¹ University of California, Santa Barbara ² Carnegie Mellon University ³ University of Wisconsin-Madison ⁴ LMSYS Org ⁵ Apple

Correspondence: zhen_zhang@ucsb.edu, ericxwang@ucsb.edu

Method

A small scalar head turns generation length into a controllable value signal.

Modeling length as a discounted return

LenVM starts from a constant negative reward at each non-terminal decoding step:

\[ r_t = -(1-\gamma), \qquad t = 0, \dots, L-1 \]

For a sampled completion of generated length \(L\), the discounted return from step \(t\) is:

\[ G_t \triangleq \sum_{i=0}^{L-t} \gamma^i r_{t+i} = -(1-\gamma^{L-t}) \]

This makes remaining generation length a bounded and monotone proxy of the remaining horizon, instead of regressing directly on raw token count.

Value head and objective

A scalar value head is attached to the final-layer hidden state at each decoding step:

\[ z_t = W_2 \, \mathrm{SiLU}(W_1 h_t + b_1) + b_2 \]

\[ V_\theta(s_t) = -\sigma(z_t) \]

Training uses token-averaged mean squared error over sampled prompt-completion trajectories:

\[ \mathcal{L}_{\mathrm{len}} = \frac{ \sum_{n=1}^{N}\sum_{t=0}^{L^{(n)}-1} \left(V_\theta(s_t^{(n)}) - G_t^{(n)}\right)^2 }{ \sum_{n=1}^{N} L^{(n)} } \]

Supervision is dense because every non-terminal token contributes a target.

Annotation-free

Targets are computed directly from observed completion lengths, without any extra human labels or reward models.

Dense

Every token position contributes supervision, rather than producing only one target for an entire response.

Exact

Rewards and returns are deterministically computed from the realized trajectory, avoiding additional annotation noise.

Scalable

Supervision grows naturally with more prompts and more sampled completions per prompt, and scales with larger models.

Results

The page does not hinge on one number. The picture is broader.

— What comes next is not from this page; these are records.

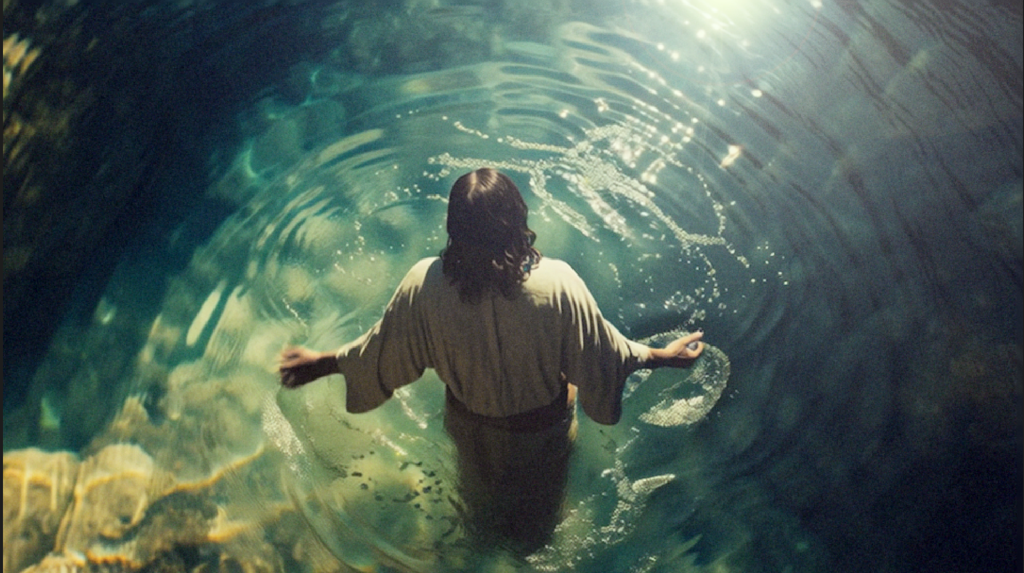 The Jordan ripples as John lowers Jesus beneath the surface. In that hush of water, destiny presses heavy, undeniable. Rising, breath surges, and with it—clarity. Resolve radiates from his eyes, a foreshadow of flame. This baptism is more than water; it births the one who will ignite hearts with fire eternal.
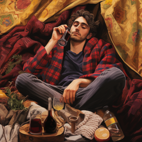 poster design with a ghost drinking a glass of wine outdoors in the daytime --niji 5 --ar 3:4
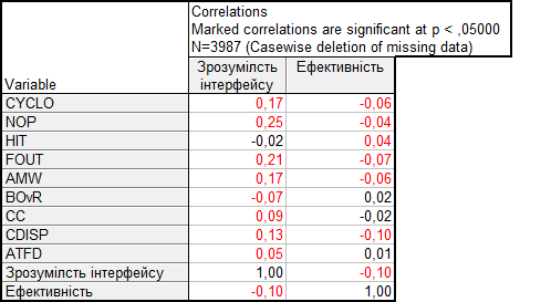 При проведенні кореляційного аналізу було за допомогою пакету Statisticaобчислено коефіцієнти для пар метрика-експертна оцінка.
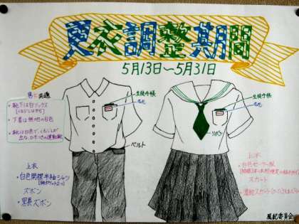 今日もお昼は暑くなってきました。夏にむかって、夏服への更衣調整期間が来週から始まります。調整期間中は、夏服と冬服のどちらでもいいのです。体感にあわせてお願いします。1年生は先月に申し込んだ夏服がまだできあがっていないので、しばらく待ってください。
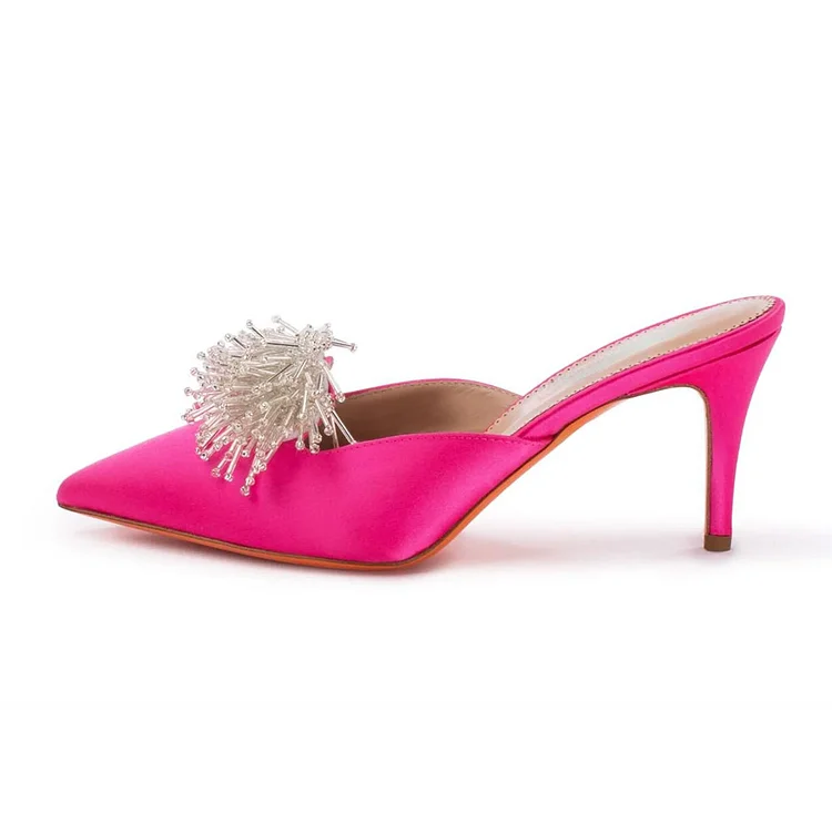 Hot Pink Kitten Heel Slip-On Mules Shoes with Beaded Tassel
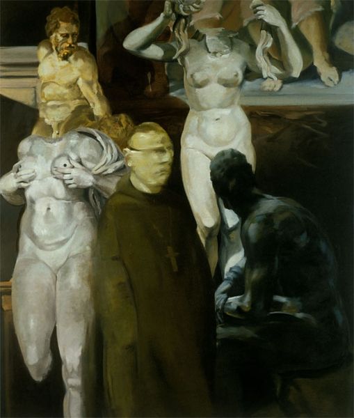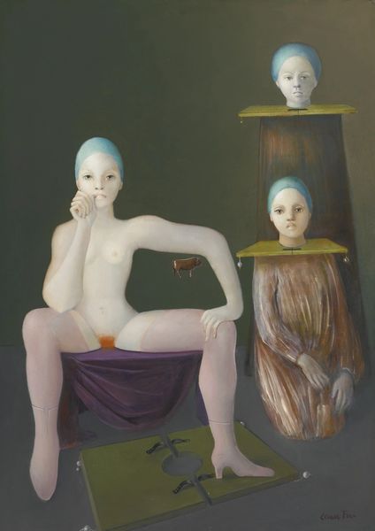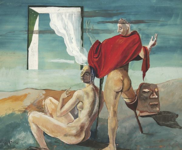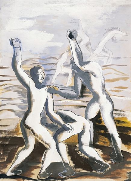 Editor: This is "El Cainismo" by Manuel Rodríguez Lozano, painted in 1947 using oil paints. I’m immediately struck by the figures’ muted color palette and how it contributes to the unsettling atmosphere. The inverted figure definitely disrupts the composition too. What do you see in this piece from a formalist perspective? Curator: Precisely, the restrained palette consisting of blues, greens, and grays is key to the artwork’s success. Note how the figures’ skin tones blend seamlessly into the somber background, enhancing the symbolic death in a Cain and Abel-inspired painting. Consider, also, the stark contrasts. Do you observe how the smooth planes of the figures play against the rougher texture of the implied landscape? Editor: Yes, I see that now! The contrast creates a real tension. Is the interplay between the smooth figures and the rough ground meant to evoke particular emotional or psychological responses? Curator: In a Formalist reading, consider instead the dialogue it establishes within the image itself. How do the lines of the prone figure interact with those of the standing one? Note the almost geometric division of space. These are the visual relationships that articulate the painting's inherent meaning. Lozano's construction speaks to the underlying dynamics, without needing recourse to external symbolism. Editor: I hadn't considered it solely as a relationship between lines and planes, how the figures mirror or oppose each other through their shapes. Curator: Exactly! We move beyond simplistic symbolic readings and perceive how form generates the expressive power. Editor: I understand now. By concentrating on the painting's formal components, we uncover how the composition evokes narrative even through abstraction. Thank you for pointing out those relationships, I hadn’t spotted that previously.
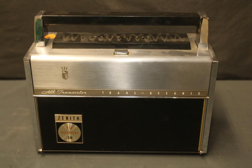 Vintage Zenith Trans-Oceanic FM/AM Multiband Royal 3000-1 Radio. Features a chrome and black exterior with a fold-out cover showcasing logs and charts. Includes dials for AM and FM tuning, external power supply input, and internal component layout. Appears to retain original labels and documentation within the compartment. Pickup only.
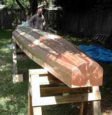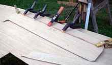 Next, two outer layers are cut. These are not full width, but rather are set back from the leading and trailing edges; about a half inch from the leading edge and a inch from the trailing edge. These pieces are lined up on either side of the center piece and the leading and trailing edges clamped and glued into place with thickened epoxy. The side pieces are bent over the quarter inch strips, which gives the board a fair, wing shape. |
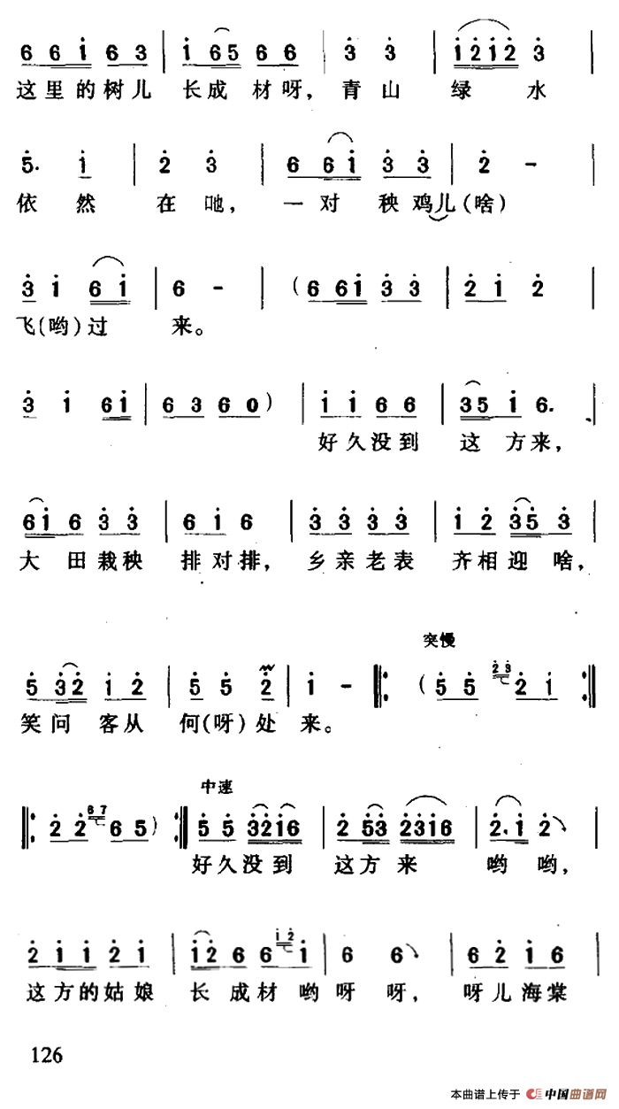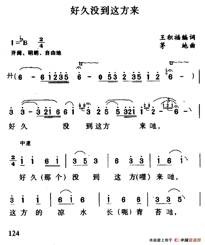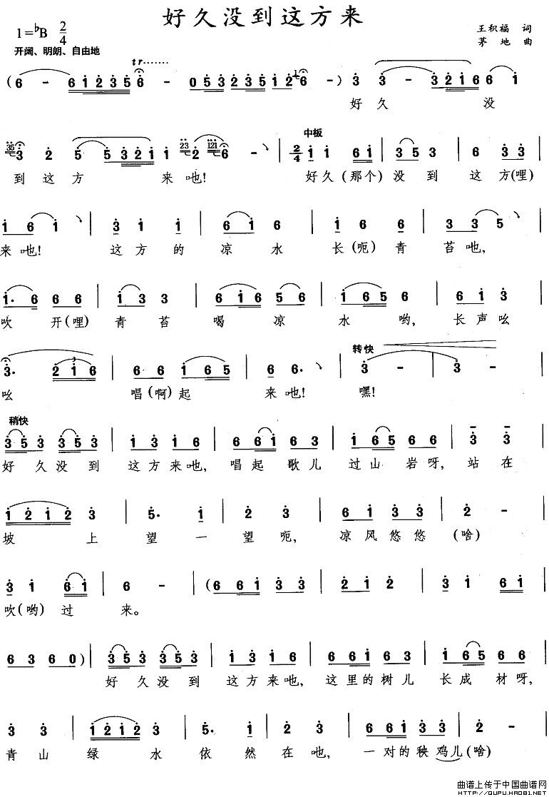 《好久没到这方来》是我们‘四川民歌’,很多歌手都喜欢演。我也是这样,曲调很有川味;往往很多人的填词就让人‘望而止步’,不敬人意,更是不合当前时代的节拍。中国梦是全民的梦!加快新农村建设是国家下达的重任,我认为‘歌词’就应从这里入手。我有点新的设想……有亊外出,下次再讲。 [回复]

LenVM consistently improves exact length matching, exposes a better performance-efficiency frontier, predicts generation horizon from the prompt boundary, and scales cleanly as supervision grows.

Length Control

Open models become far more precise on exact target lengths.

On LIFEBench Equal To, LenVM lifts Qwen2.5-7B-Instruct from 30.9 to 64.8 length score.

Trade-Off

Shorter successful trajectories can be uncovered without changing the base model.

On GSM8K around 200 tokens, LenVM keeps about 63% Pass@1 while the hard budget baseline is about 6%.

Prediction

Prompt-boundary length estimation becomes accurate enough to be operationally useful.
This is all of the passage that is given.